Only the pictures are to be omitted; every entry beneath should otherwise be duplicated exactly.

Start of Block

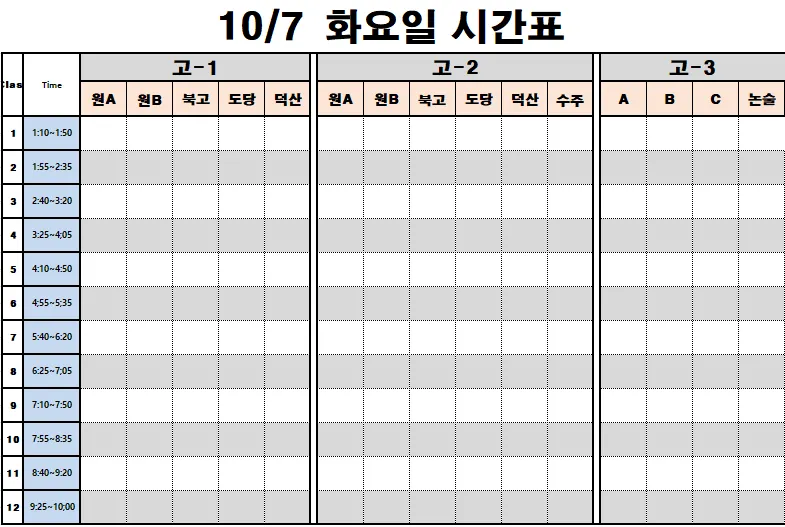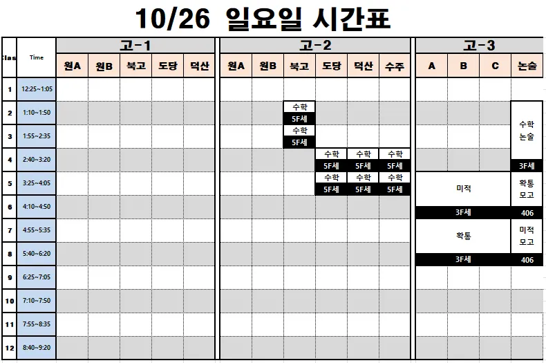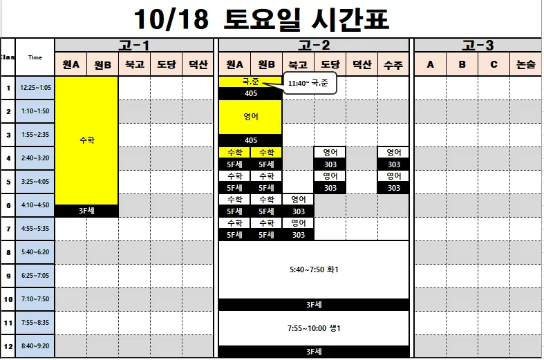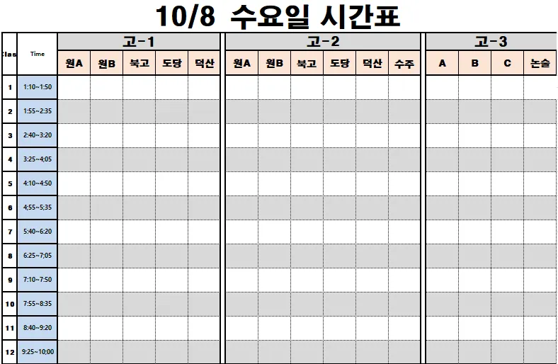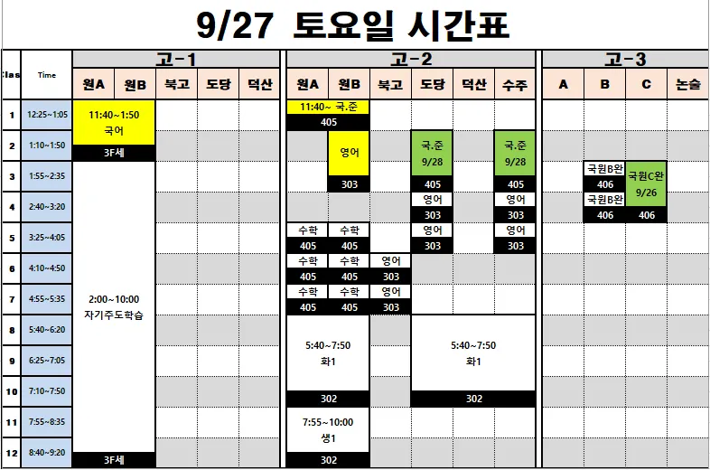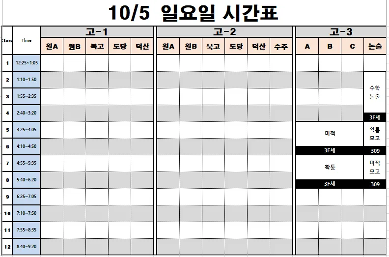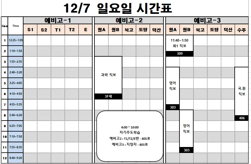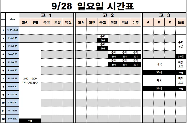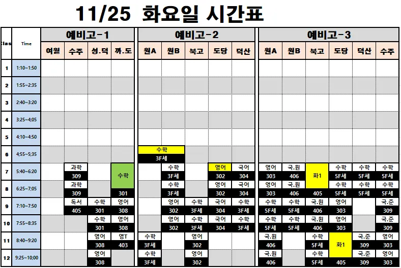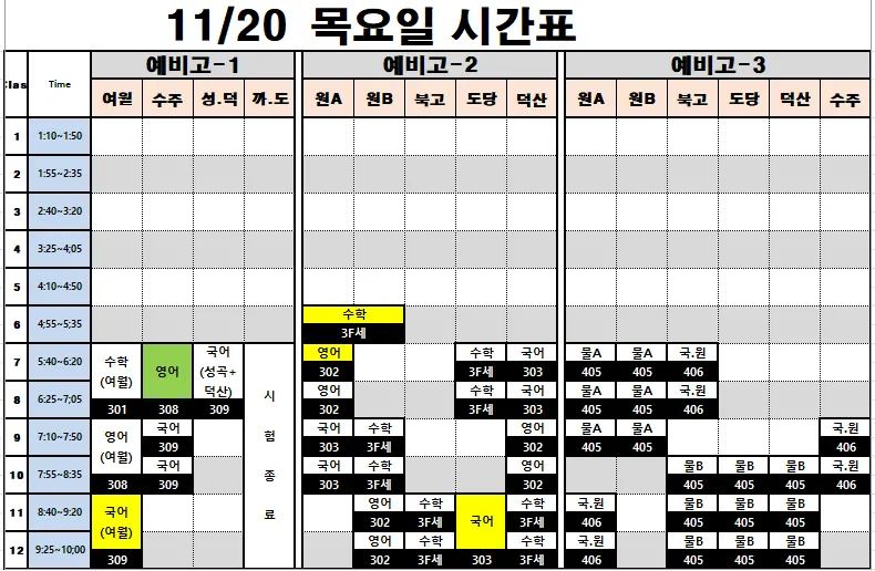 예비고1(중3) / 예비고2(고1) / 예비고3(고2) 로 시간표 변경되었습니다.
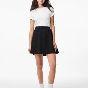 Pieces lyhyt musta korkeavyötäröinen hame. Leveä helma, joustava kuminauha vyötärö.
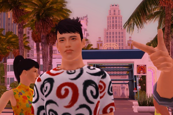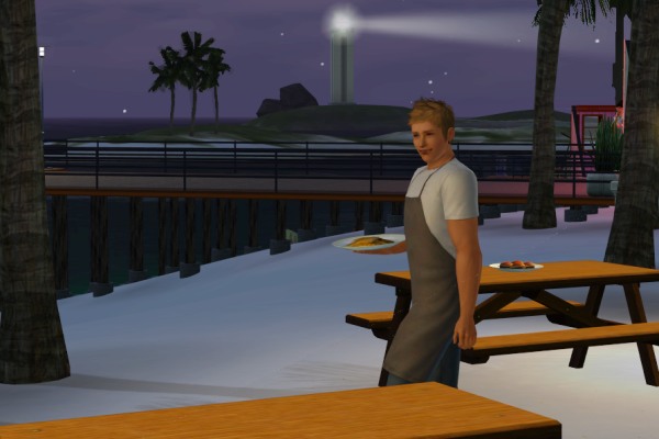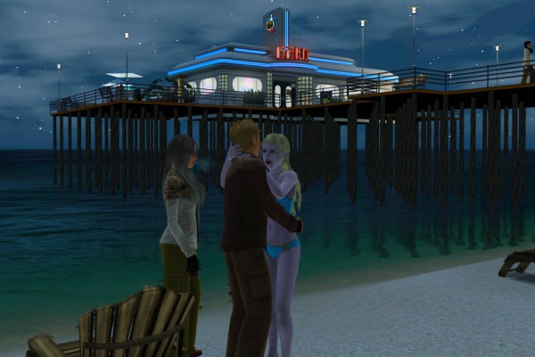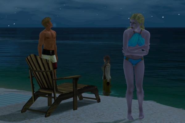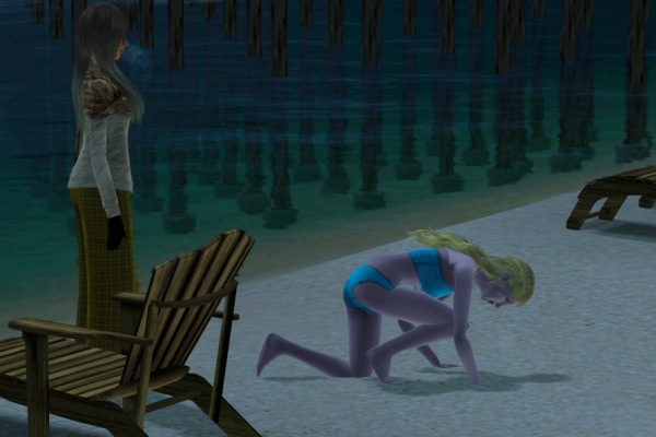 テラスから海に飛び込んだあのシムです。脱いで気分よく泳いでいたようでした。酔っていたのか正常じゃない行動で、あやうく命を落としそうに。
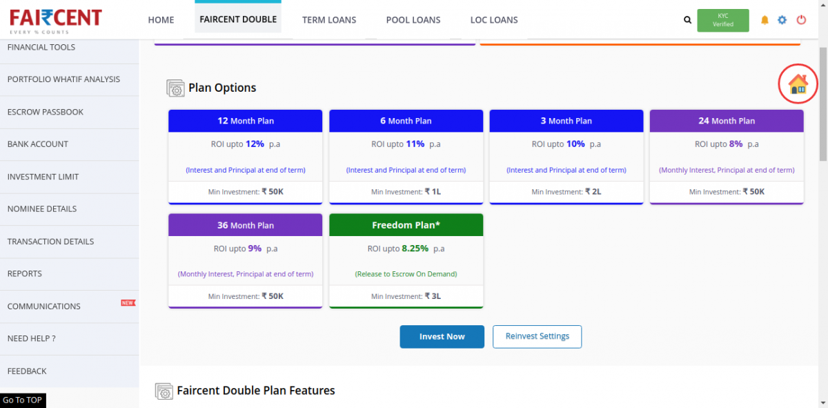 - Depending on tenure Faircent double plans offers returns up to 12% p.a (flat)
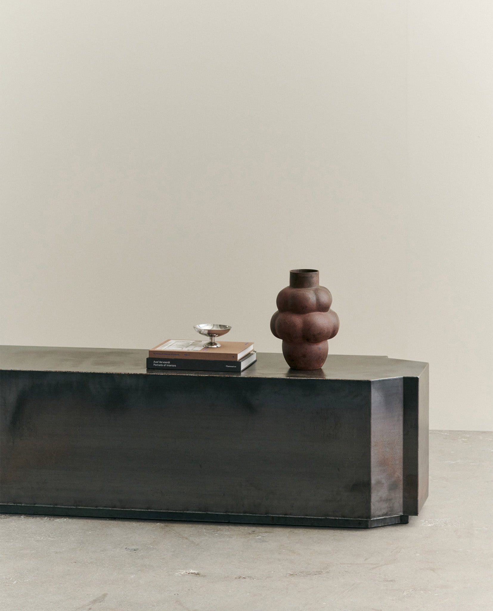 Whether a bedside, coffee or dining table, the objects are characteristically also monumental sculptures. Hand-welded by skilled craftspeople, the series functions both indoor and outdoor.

End of Block

### Written solution
 예비고1(중3) / 예비고2(고1) / 예비고3(고2) 로 시간표 변경되었습니다.
 Pieces lyhyt musta korkeavyötäröinen hame. Leveä helma, joustava kuminauha vyötärö.
 テラスから海に飛び込んだあのシムです。脱いで気分よく泳いでいたようでした。酔っていたのか正常じゃない行動で、あやうく命を落としそうに。
 - Depending on tenure Faircent double plans offers returns up to 12% p.a (flat)
 Whether a bedside, coffee or dining table, the objects are characteristically also monumental sculptures. Hand-welded by skilled craftspeople, the series functions both indoor and outdoor.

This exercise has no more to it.